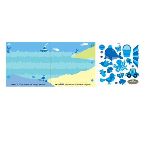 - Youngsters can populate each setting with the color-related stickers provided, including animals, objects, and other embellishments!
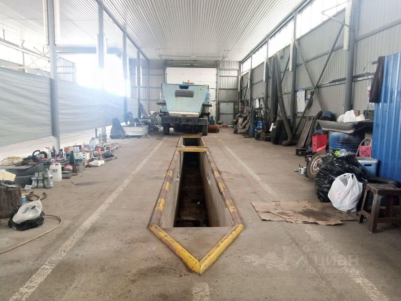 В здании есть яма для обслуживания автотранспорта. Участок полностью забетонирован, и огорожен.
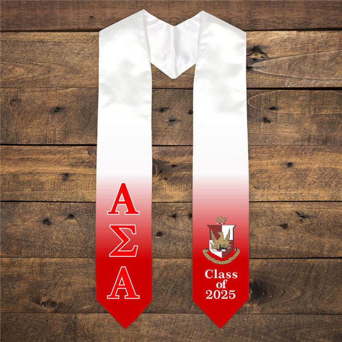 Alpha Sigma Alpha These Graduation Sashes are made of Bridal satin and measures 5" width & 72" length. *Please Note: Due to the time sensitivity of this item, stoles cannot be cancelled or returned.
* * * * *
**TASK REQUIREMENTS:** With the pictures omitted, write out exactly the lines from the one that contains "В здании есть" through the final line of the material above, both ends included.

**ANSWER TO THE PROBLEM:**
 В здании есть яма для обслуживания автотранспорта. Участок полностью забетонирован, и огорожен.
 Alpha Sigma Alpha These Graduation Sashes are made of Bridal satin and measures 5" width & 72" length. *Please Note: Due to the time sensitivity of this item, stoles cannot be cancelled or returned.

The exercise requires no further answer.